┌────────

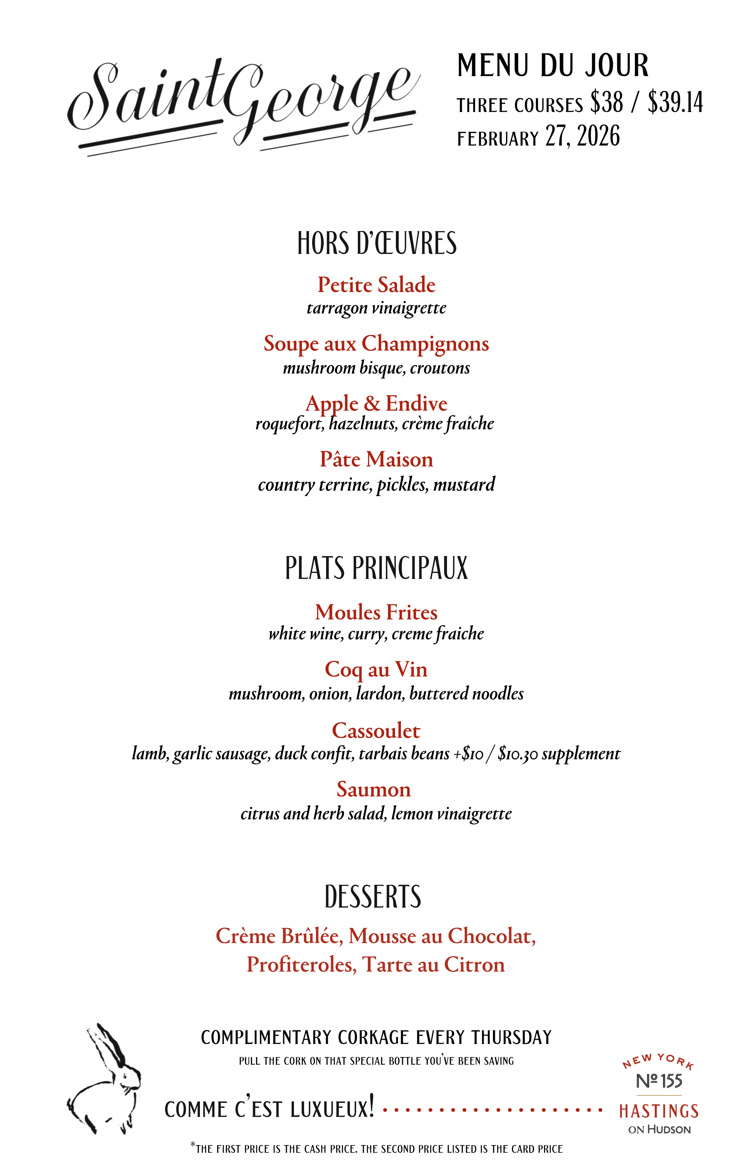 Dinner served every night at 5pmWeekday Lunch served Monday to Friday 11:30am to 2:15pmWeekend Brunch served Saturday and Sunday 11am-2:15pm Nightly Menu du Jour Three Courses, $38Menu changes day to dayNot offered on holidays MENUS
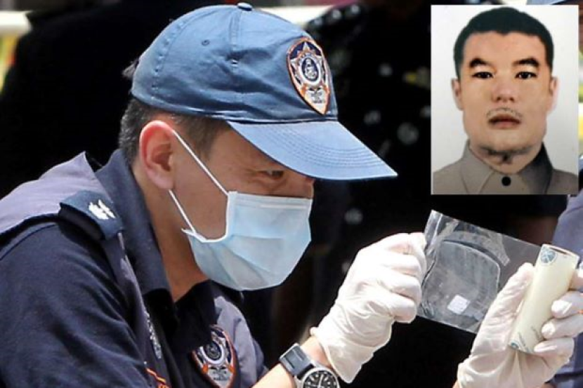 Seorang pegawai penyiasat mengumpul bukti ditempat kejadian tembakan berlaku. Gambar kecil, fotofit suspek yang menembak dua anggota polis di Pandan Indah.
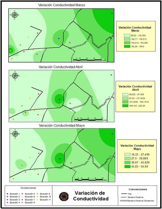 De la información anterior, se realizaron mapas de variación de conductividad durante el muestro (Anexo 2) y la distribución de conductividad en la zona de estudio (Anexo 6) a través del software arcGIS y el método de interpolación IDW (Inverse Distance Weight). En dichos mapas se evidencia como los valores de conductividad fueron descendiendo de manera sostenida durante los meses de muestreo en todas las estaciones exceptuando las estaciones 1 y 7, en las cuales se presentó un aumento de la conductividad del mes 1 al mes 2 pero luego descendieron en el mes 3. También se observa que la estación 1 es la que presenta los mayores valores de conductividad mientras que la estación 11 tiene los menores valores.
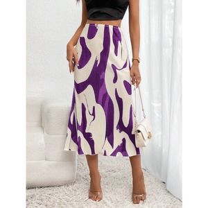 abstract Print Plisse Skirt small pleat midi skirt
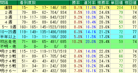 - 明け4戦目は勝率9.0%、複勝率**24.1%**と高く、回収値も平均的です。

└────────

#### EXERCISE
All that is needed here is the run of lines from the one containing "abstract Print Plisse" through the end of the material above, reproduced exactly and without pictures.

#### OUTPUT BELOW
 abstract Print Plisse Skirt small pleat midi skirt
 - 明け4戦目は勝率9.0%、複勝率**24.1%**と高く、回収値も平均的です。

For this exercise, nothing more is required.